Samedi 19 mai j'ai eu la chance d'assister à une séance de la nouvelle pépite de Terry Gilliam "L'Homme qui tua Don Quichotte" en simultané avec la projection au Festival de Cannes 2018 en tant que film de clôture.
Alors autant le dire tout de suite, même si j'aime beaucoup, beaucoup Terry Gilliam et que j'adore certains de ses films, je ne peux pas me qualifier de "vraie" fan (enfin si ce terme possède un réel sens). D'ailleurs, je n'ai pas non plus beaucoup suivi toutes les histoires dingues qui ont entaché le tournage du projet original, je n'ai pas encore vu le documentaire qui relate toutes ces mésaventures.

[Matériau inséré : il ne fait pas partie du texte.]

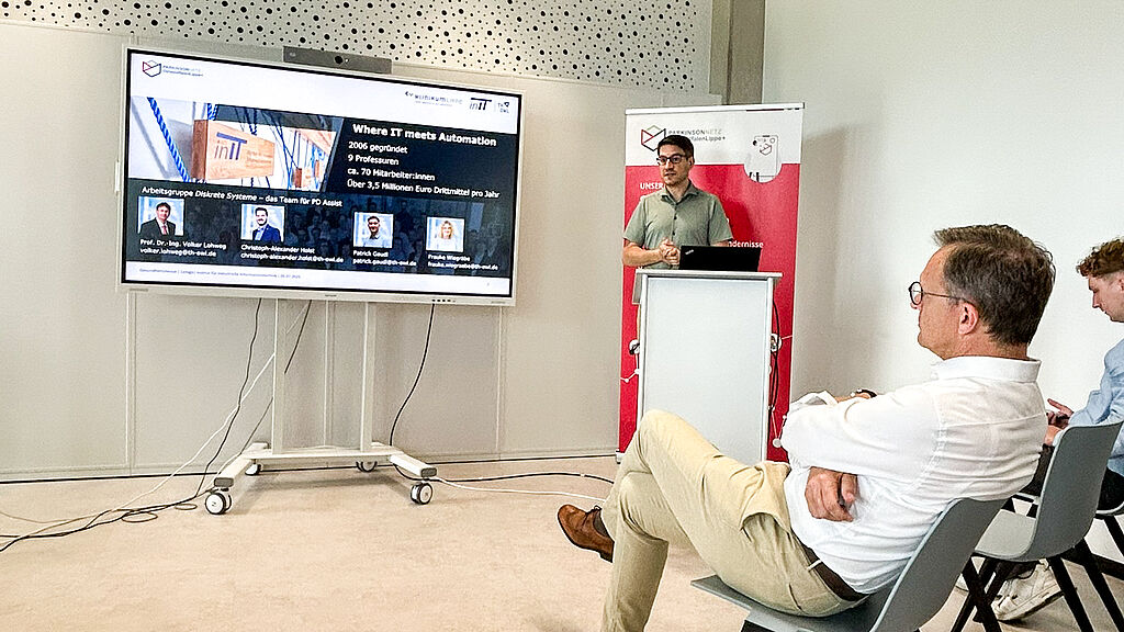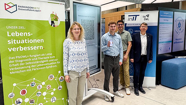 Anschließend bot der gemeinsame Informationsstand von inIT und PNOWL+ die Gelegenheit, die vorgestellten Themen im direkten Gespräch zu vertiefen. Interessierte konnten die App PD Assist vor Ort selbst testen. Frauke Wiegräbe, wissenschaftliche Mitarbeiterin bei Prof. Dr. Volker Lohweg, Christoph-Alexander Holst und Patrick Gaudl standen für Fragen zur Anwendung bereit und gaben Einblicke in die laufende Entwicklung.

En plus de ça, je n'avais pas lu de synopsis et vu rapidement une première bande-annonce, donc je suis arrivée "vierge" dans la salle de cinema. Sincèrement, je ne savais pas du tout de quoi ce film allait parler.

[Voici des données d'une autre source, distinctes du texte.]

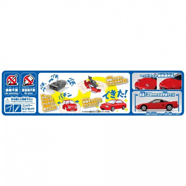 プラモデル 【スケール】1/32 ホンダが誇る国産スーパーカー 【製品説明】 憧れの国産スーパーカーを手軽にあなたのお手元に 〈完全新金型〉 ・パーツ点数32点のお手軽モデル 【楽プラ スナップキットとは】 ・塗装不要 ボディ色をプラスチック材料の着色で再現する事により、塗装不要となりました。 ツヤツヤのボディも見どころです。 ・接着剤不要 はめ込み式を採用する事で接着剤が不要となりました。 ・少ないパーツで高い再現性 キットを簡略化しながらも1/32スケールで高い再現性を実現しました。 ボディカラー:No.19-FR フォーミュラレッド
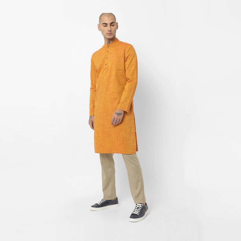 • Flaunt your style with a kurta from Netplay. You'll look dapper as ever in this yellow piece paired with slim jeans and sandals, ideal for any nice family gathering.
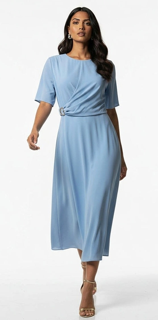 Ladies soft feminine round neck crossover draped midi dress in powder blue
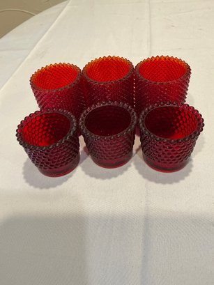 3 short and 3 long red votive candle holders

L'histoire se concentre sur un jeune réalisateur prometteur, Toby, qui retourne en Espagne pour un tournage bien des années après avoir terminé son film d'études, une adaptation de Don Quichotte. Alors pris d'une certaine mélancolie et pour se tirer d'une situation quelque peu foireuse, il décide de se rendre dans le village qui a abrité le tournage de son premier métrage. C'est là qu'il découvre que son acteur principal, un vieux cordonnier du nom de Javier, n'a jamais complètement décroché de son rôle de chevalier... C'est alors que le film nous plonge dans un délire vraiment déroutant, dans lequel réalité et imagination ne cessent de se croiser et se recroiser, au point que le personnage de Toby, tout comme le spectateur, ne sait plus vraiment s'il doit se fier à ce qu'il croit voir.

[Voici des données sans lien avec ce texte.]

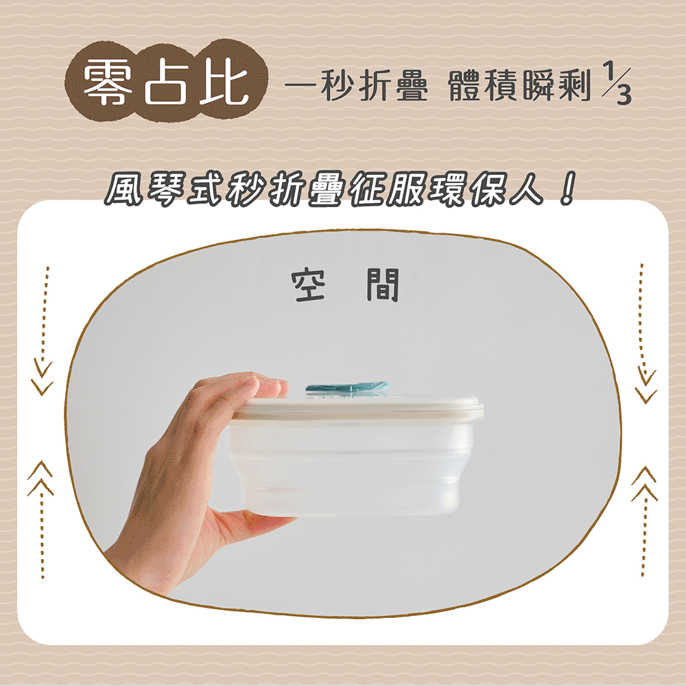 能收能伸二段變形金剛,結實耐摔的萬用寶鮮盒。盒蓋氣塞化身為會呼吸的軟Q動物們,吸氣按下簡易真空效果保鮮更持久,呼氣拉起連蓋直接加熱安全又方便。一呼一吸間,守護您的健康與美味。

On reconnaît tout de suite les gimmicks de réalisation de Terry Gilliam, avec ses décors faits de bric et de broc, qui semblent tout droit sortis d'une fête foraine à l'abandon, ses tics de caméra avec de nombreux plans en grand angle, son amour pour des univers imaginaires fantasmagoriques. Alors certains diront qu'il se contente peut-être de faire ce qu'il sait faire de mieux depuis quelques années, que le film se concentre trop sur sa personne et sur son expérience en tant que réalisateur d'un projet "maudit". Mais je trouve que l'ensemble reste beau, reste touchant et émouvant, c'est drôle, c'est fou, c'est totalement déroutant.
À de nombreuses reprises, je me suis dit "merde où est-ce qu'il veut en venir, qu'est ce que je suis censée comprendre" et finalement j'ai accepté de me laisser porter par l'histoire ; tout comme le personnage de Toby, incarné par un Adam Driver qui m'a déjà convaincue depuis longtemps de son talent, j'ai accepté de suivre ce Don Quichotte (impeccable Jonathan Pryce) complètement dingue et sénile dans des aventures périlleuses et improbables et j'ai vécu un joli moment de cinéma.
Je pense que dans le cinéma, on a facilement tendance à vouloir trop intellectualiser l'expérience, alors que parfois il s'agit juste d'accepter de laisser le réalisateur nous prendre par la main et de lui faire confiance, accepter d'être perdu pour ensuite trouver la bonne voie. Accepter le fait qu'au cinéma comme dans la vie, la barrière entre le réel et l'imaginaire est souvent mince et que parfois le cinéma est là pour nous faire rêver de géants, de chevaliers et de belles princesses.
Une belle expérience de cinéma à vivre en salle (et que personnellement je vais sûrement revoir rapidement une seconde fois).